- [EXERCISE GOAL] Pictures excluded, retype the lines from the one containing "Картина по номерам" through the last line of the data below, both included.

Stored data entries
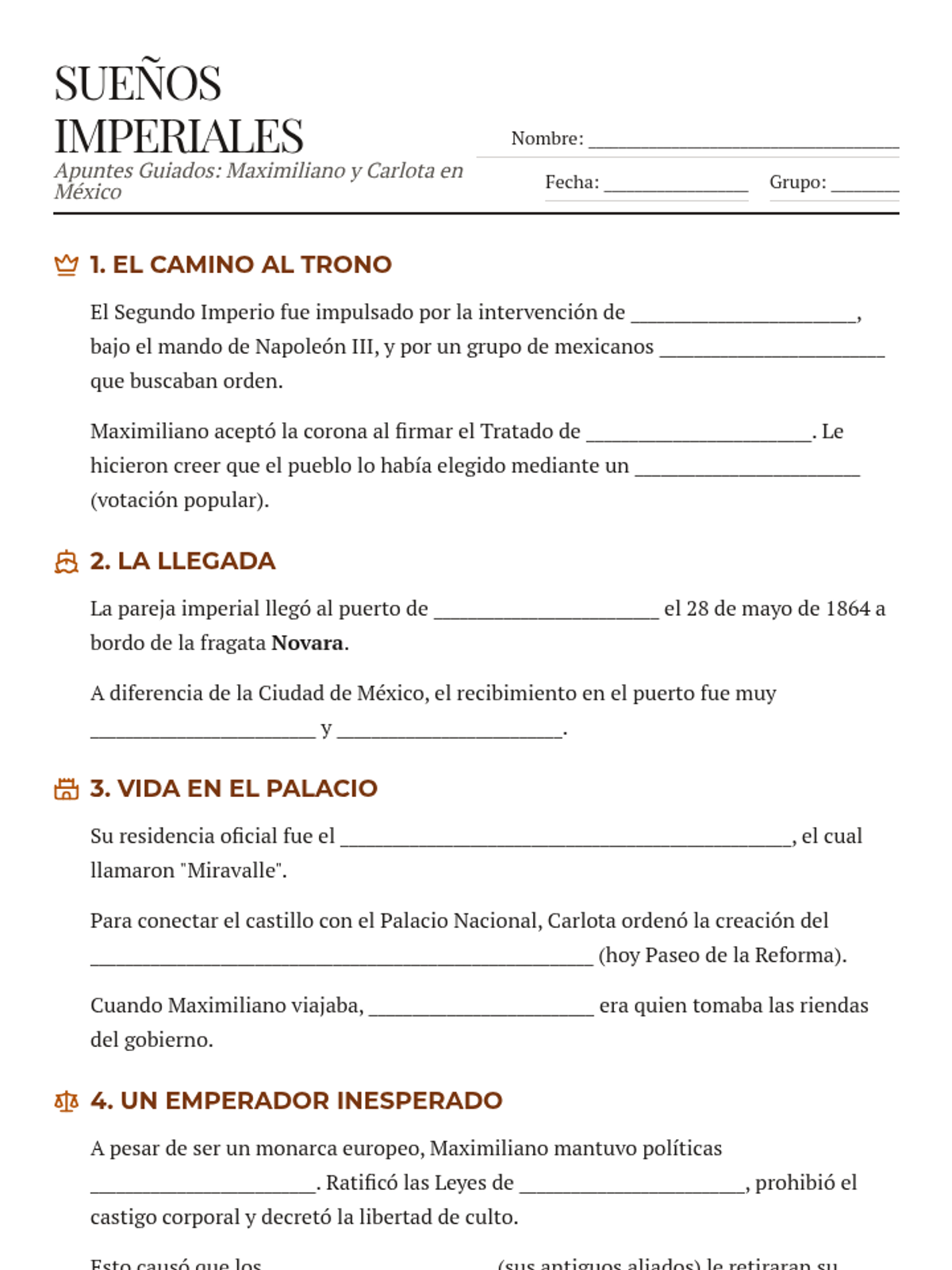 A visual presentation for students detailing the Second Mexican Empire, specifically the lives and reign of Maximilian and Carlota. It covers their arrival, life in Chapultepec, their liberal policies, and their eventual downfall.
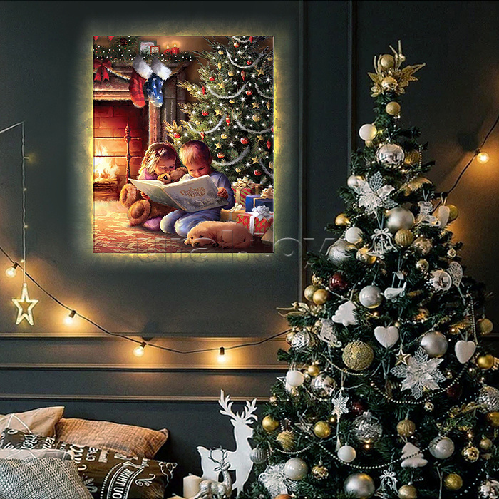 Картина по номерам 40х50 "Рождественская атмосфера" USB LED подсветка (30 цветов)
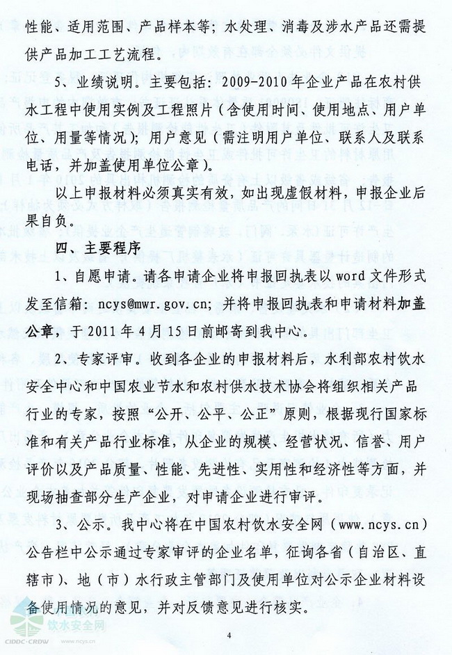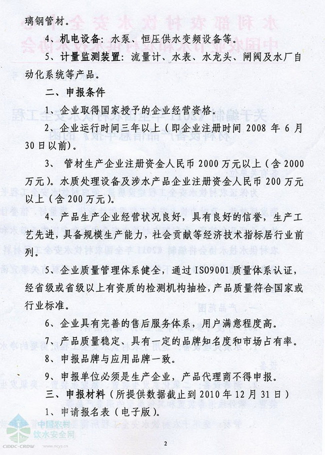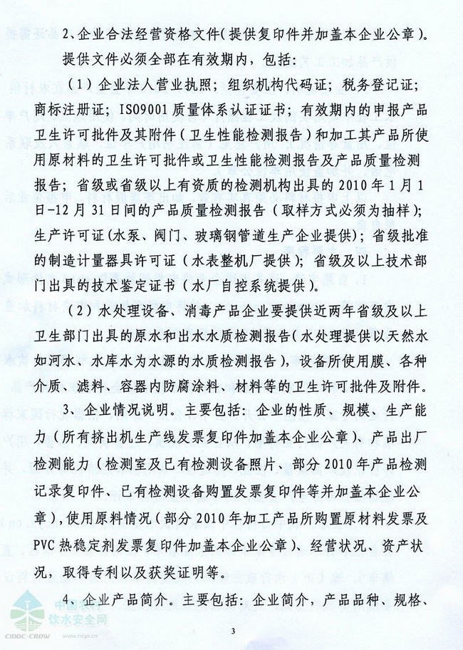 關(guān)于編制《2011年全國(guó)農(nóng)村飲水安全工程材料設(shè)備產(chǎn)品信息年報(bào)》的函
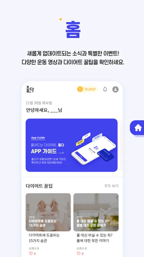 운동 영상부터 당신이 궁금해했던 다이어트 상식과 정보까지 전부 줄다 어플 하나로 확인할 수 있습니다.
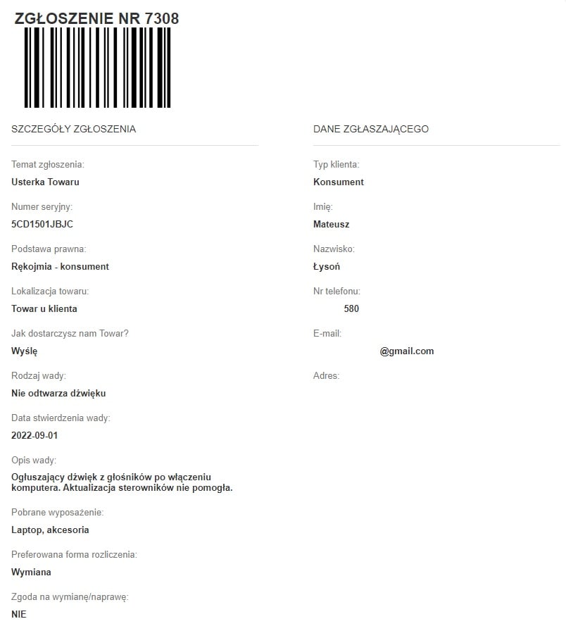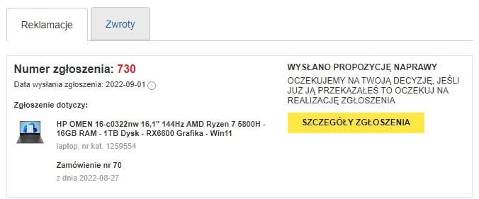 Te finalnie nie poskutkowały, więc postanowiłem stłamsić wewnętrzną ciekawość sprawdzenia problemu na własną rękę i skorzystać z rękojmi, wierząc, że ta przyspieszy proces względem gwarancji. Oj – był to błąd i piszę te słowa 20.09, czyli 20 dni po zgłoszeniu rękojmi i idealnie tuż po 14 dniu, jak sprzęt trafił do sklepu. Przez ten czas infolinię i skrzynkę pocztową sklepu męczyłem zbyt często, jak na mój gust (aż sprawdziłem, czy moje drugie imię to nie Janusz), ale sprzętu potrzebowałem “na już”, więc chciałem się upewnić, czy aby serwis nie podejmie decyzji przed 14-dniowym wskazanym okresem.
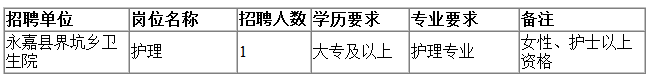 因工作需要,经县卫生健康局同意,永嘉县界坑乡卫生院面向社会公开招聘劳务派遣人员1名。现将有关事项公告如下:
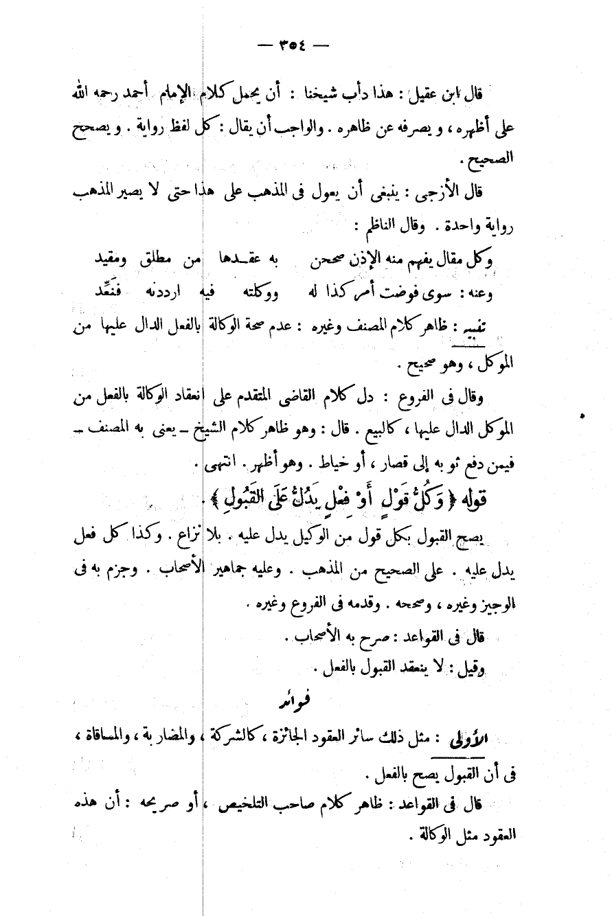 قَالَ ابْنُ عَقِيلٍ: هَذَا دَأْبُ شَيْخِنَا: أَنْ يَحْمِلَ كَلَامَ الْإِمَامِ أَحْمَدَ - رَحِمَهُ اللَّهُ - عَلَى أَظْهَرِهِ، وَيَصْرِفَهُ عَنْ ظَاهِرِهِ. وَالْوَاجِبُ أَنْ يُقَالَ: كُلُّ لَفْظٍ رِوَايَةٌ. وَيُصَحِّحُ الصَّحِيحَ. قَالَ الْأَزَجِيُّ: يَنْبَغِي أَنْ يَقُولَ فِي الْمَذْهَبِ عَلَى هَذَا حَتَّى لَا يَصِيرَ الْمَذْهَبُ رِوَايَةً وَاحِدَةً. وَقَالَ النَّاظِمُ:

- [ANSWER SECTION]
 Картина по номерам 40х50 "Рождественская атмосфера" USB LED подсветка (30 цветов)
 關(guān)于編制《2011年全國(guó)農(nóng)村飲水安全工程材料設(shè)備產(chǎn)品信息年報(bào)》的函
 운동 영상부터 당신이 궁금해했던 다이어트 상식과 정보까지 전부 줄다 어플 하나로 확인할 수 있습니다.
 Te finalnie nie poskutkowały, więc postanowiłem stłamsić wewnętrzną ciekawość sprawdzenia problemu na własną rękę i skorzystać z rękojmi, wierząc, że ta przyspieszy proces względem gwarancji. Oj – był to błąd i piszę te słowa 20.09, czyli 20 dni po zgłoszeniu rękojmi i idealnie tuż po 14 dniu, jak sprzęt trafił do sklepu. Przez ten czas infolinię i skrzynkę pocztową sklepu męczyłem zbyt często, jak na mój gust (aż sprawdziłem, czy moje drugie imię to nie Janusz), ale sprzętu potrzebowałem “na już”, więc chciałem się upewnić, czy aby serwis nie podejmie decyzji przed 14-dniowym wskazanym okresem.
 因工作需要,经县卫生健康局同意,永嘉县界坑乡卫生院面向社会公开招聘劳务派遣人员1名。现将有关事项公告如下:
 قَالَ ابْنُ عَقِيلٍ: هَذَا دَأْبُ شَيْخِنَا: أَنْ يَحْمِلَ كَلَامَ الْإِمَامِ أَحْمَدَ - رَحِمَهُ اللَّهُ - عَلَى أَظْهَرِهِ، وَيَصْرِفَهُ عَنْ ظَاهِرِهِ. وَالْوَاجِبُ أَنْ يُقَالَ: كُلُّ لَفْظٍ رِوَايَةٌ. وَيُصَحِّحُ الصَّحِيحَ. قَالَ الْأَزَجِيُّ: يَنْبَغِي أَنْ يَقُولَ فِي الْمَذْهَبِ عَلَى هَذَا حَتَّى لَا يَصِيرَ الْمَذْهَبُ رِوَايَةً وَاحِدَةً. وَقَالَ النَّاظِمُ:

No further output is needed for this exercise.